I've now got additional tables that relate to the original item but are not always needed when describing the original item so I broke them out so they're not queried unnecessarily.
Anyhow, I have a new item I've been trying to organize which is a USER. The user table has typical columns like username, email, last_login, path to associated image, etc. These users have been making comments, which I keep in yet another table that contains columns with IDs that relate to the user and the item on which they are commenting.
Now... I am in the process of adding the obligatory user profile page to the site. Should I create yet another table containing only essential profile data or append the existing user record with profile data in the original user table? I am thinking housekeeping might be a pain if I am to add a "Remove me from site" function as I would have to run something that kills the user record, the user profile record, and any other data associated with that user ID in other tables.
Basically what I am asking is should I keep going with this "granular" design method - breaking everything out into essential parts or does it ever serve me to consolidate into larger tables? I see a few instances where if a user deletes their account, I'll be left with a bunch of non-relevant data. For instance, the original item are restaurants... if I make a table to record "Visits" to restaurants, containing the Restaurant ID and the User ID, if the user or restaurant get removed from the site, this "Visits" table will have a bunch of useless records saying either "non existent restaurant was visited by user 45" or "Restaurant 21 was visited by non-existent user"
I hope I make sense here... I'm just wondering if it's normal to end up with this "junk" data over time.
Thanks much,
Rob

Deleting that "on-relevant" data is a normal, healthy part of an application's life.
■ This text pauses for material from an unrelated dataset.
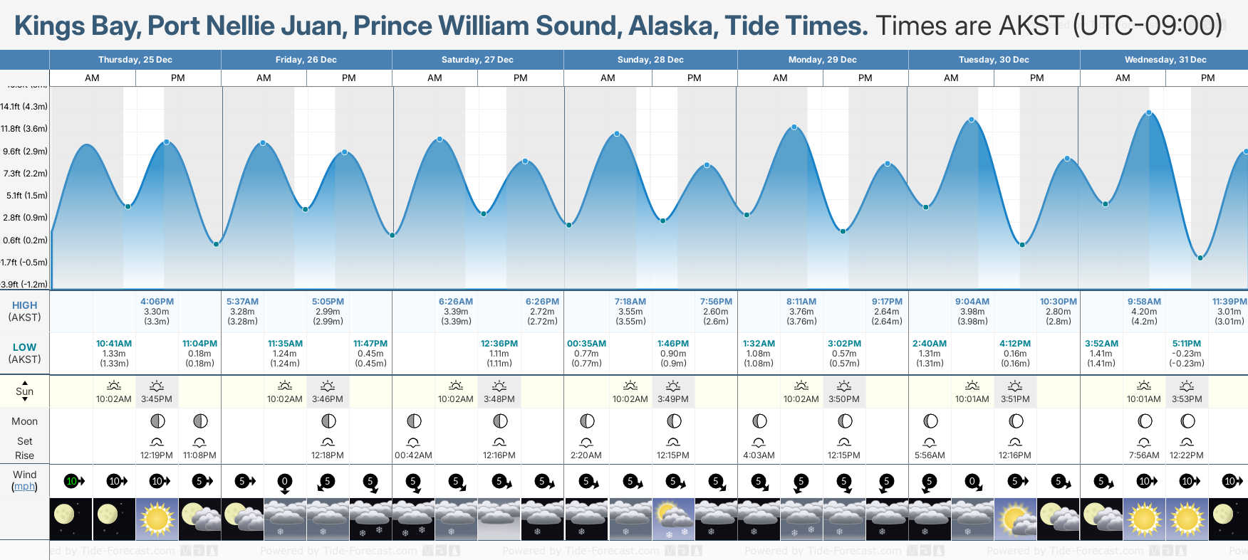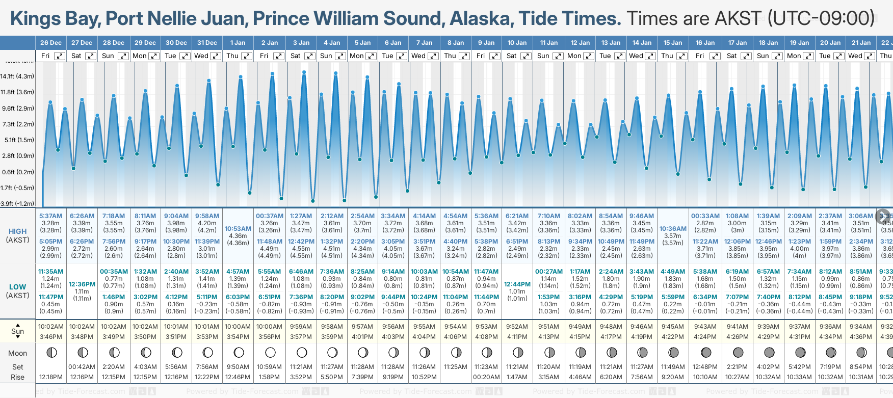 December and January Tide charts for Kings Bay, Port Nellie Juan, Prince William Sound: The tide charts below show the height, time and date of high and low tides for the next 30 days.

It's just what happens. You just have to do it, like you brush your teeth or make your bed. Don't let two or three DELETE queries influence how your tables get structured. They're not that expensive, and honestly, if you think that's too much of a pain, you're in the wrong business :)
If you're using InnoDB tables, you can look into foreign key constraints that will take care of some of the cleanup for you.

You'll be able to make these decisions much more easily if you learn about normalization.

In general, if data all relates to the same logical entity -- the same "thing" -- then it should go in the same table. Breaking one table into two just to keep the tables smaller is generally not a good idea. Depending on what you are doing, it may or may not make queries faster, and it introduces unnecessary complexity. Let me explain.
Whether it makes queries faster depends on the nature of the data and how you use it. If you have some very large field, like "rambling_comments varchar(5000)" or some such, and it is rarely used, then breaking it into a separate table so that what's left in the "main" table is relatively small could indeed make your queries faster, for the fairly obvious reason that there is now less data to read. But if the size of the fields you are thinking of breaking out are modest, and you often need data from both tables, then queries that only use one table don't gain that much, and queries that use both now need to do a join, which is usually more expensive than reading a somewhat bigger record.
But breaking up your tables will certainly make your programs more complex. Now you have to keep track of which data is in which table. You'll constantly be checking if that field is in the Item_Descriptive_Data table or the Item_Stock_Data table or whatever. You're liable to lose track at some point and accidentally put the same field into two tables. (Or worse, you'll decide this is a good idea and do it deliberately.) Then you have redundant and potentially contradictory data.
You have to do joins every time you need data that crosses tables. You create the possibility that records in one or more of the tables may not exist. Like, if you break your User table into User_Main and User_Profile, and you need data from both tables so you do a join, what happens if there is a record in User_Profile with no corresponding record in User_Main? You're going to have to add code to check for the possibility and deal with it. Oh, and blithely saying "That can never happen, no need to worry about it" is a very dangerous attitude: No matter that it's not SUPPOSED to happen, sooner or later it will, and if you don't handle the error gracefully, you could have a real mess.
In short, breaking up tables for performance reasons is usually a premature optimization. If you find that you have some real performance problem, THEN look at the tables and see if you should denormalize for efficiency. But don't start out trashing your database just to avoid a problem that might possibly happen someday.

Related

What should be the best way to store entries that are rarely used?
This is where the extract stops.